Task details: Write out the opening lines of the data word for word, up to and including the line with "Xiaomi TV Stick", and leave every picture and every later line out.

Source data:
★ ★ ★ ★

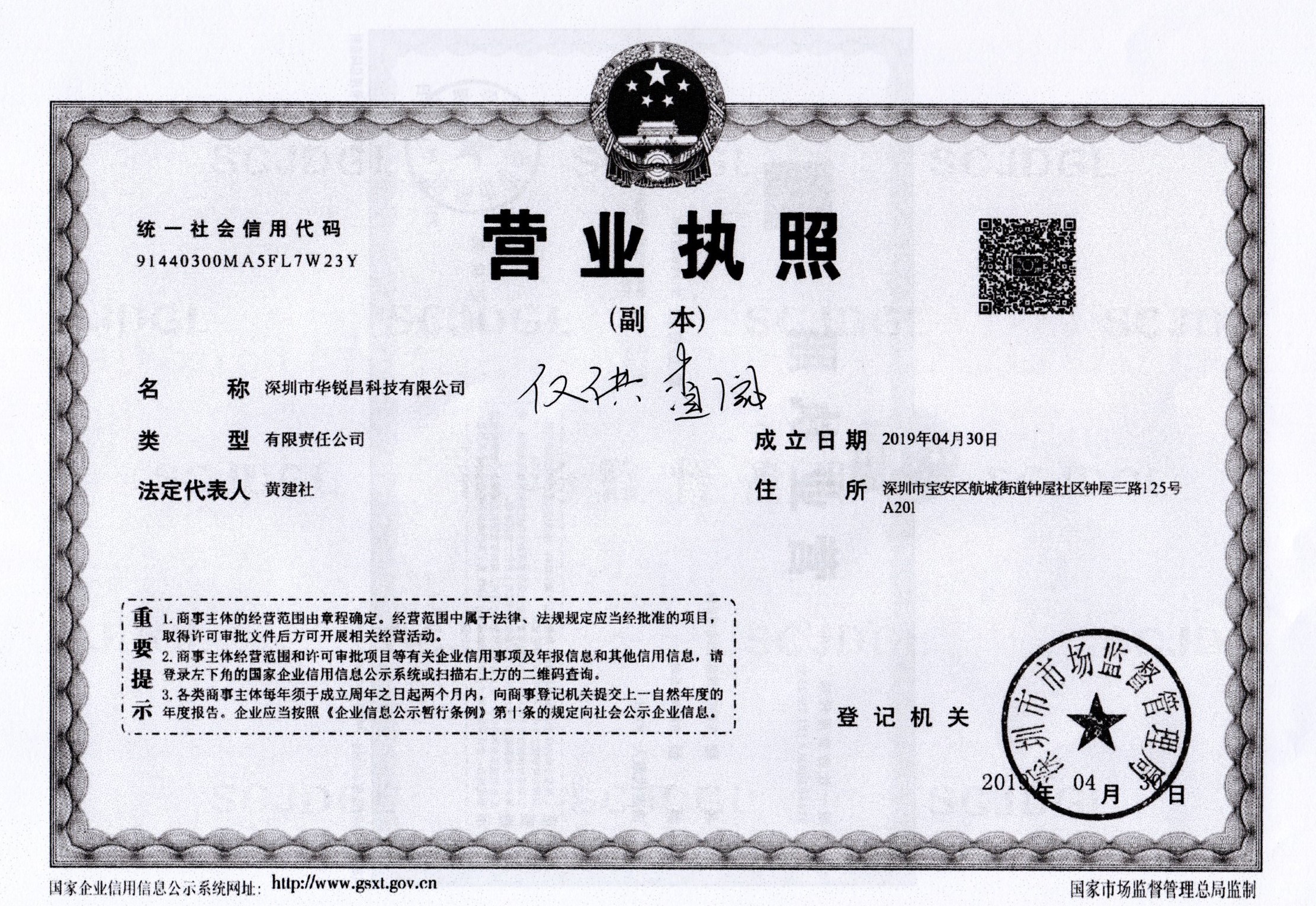 深圳市華銳昌科技有限公司營(yíng)業(yè)執(zhí)照
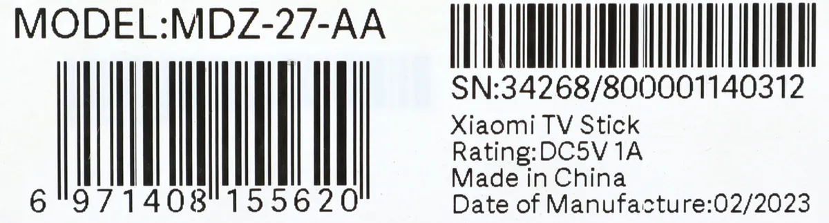 Xiaomi TV Stick 4K x 1; Пульт дистанционного управления x 1; Адаптер питания x 1; Руководство пользователя x 1; Удлинитель HDMI x 1 -
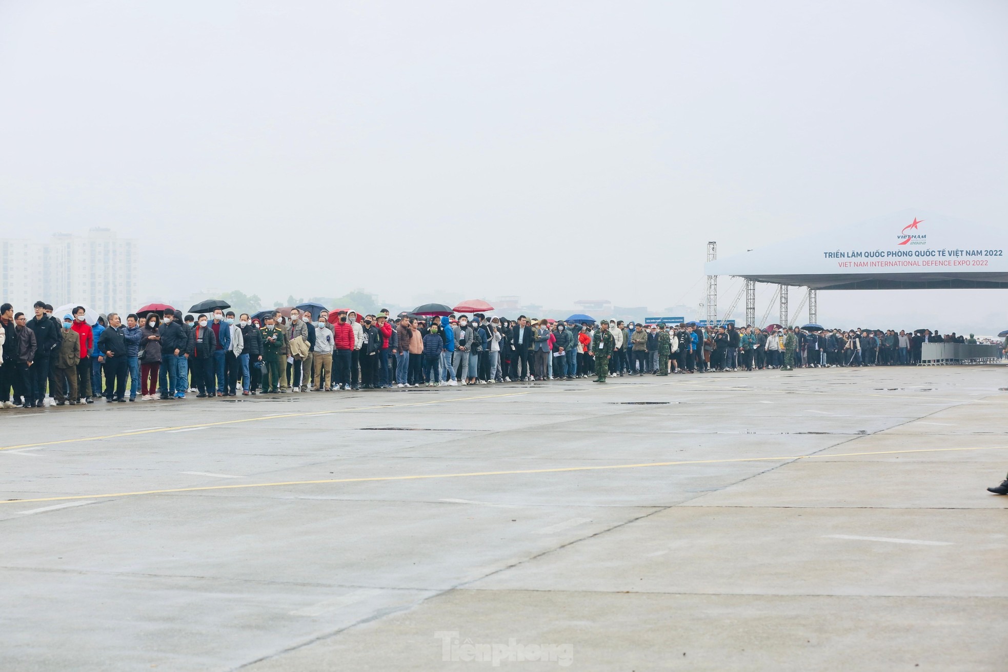 10/12, ngày cuối cùng Triển lãm Quốc phòng quốc tế Việt Nam mở cửa miễn phí đón khách tham quan, đông đúc người dân đã đội mưa có mặt xếp hàng từ sáng sớm trước cổng để chờ vào.
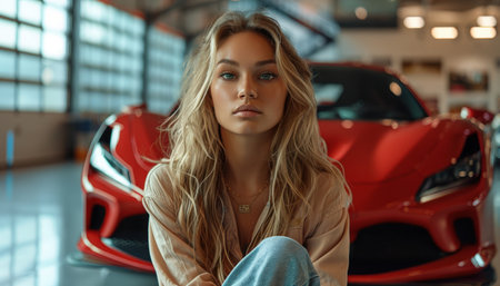 Beautiful young woman sitting on the floor in the car showroom
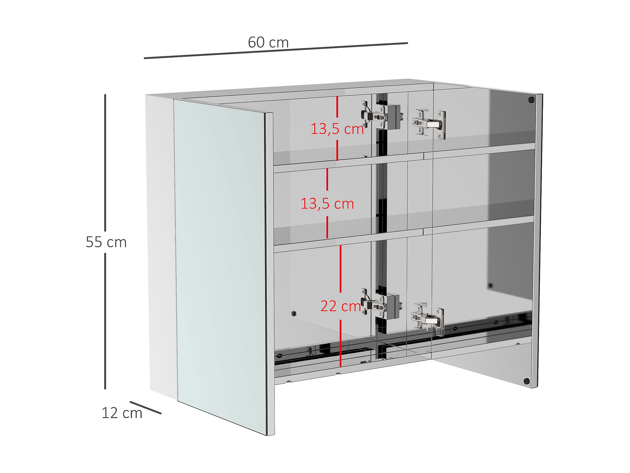 Armoire miroir rangement toilette salle de bain meuble mural dim. 60L x 12l x 55H cm acier inox.

★ ★ ★ ★

Written response:
 深圳市華銳昌科技有限公司營(yíng)業(yè)執(zhí)照
 Xiaomi TV Stick 4K x 1; Пульт дистанционного управления x 1; Адаптер питания x 1; Руководство пользователя x 1; Удлинитель HDMI x 1 -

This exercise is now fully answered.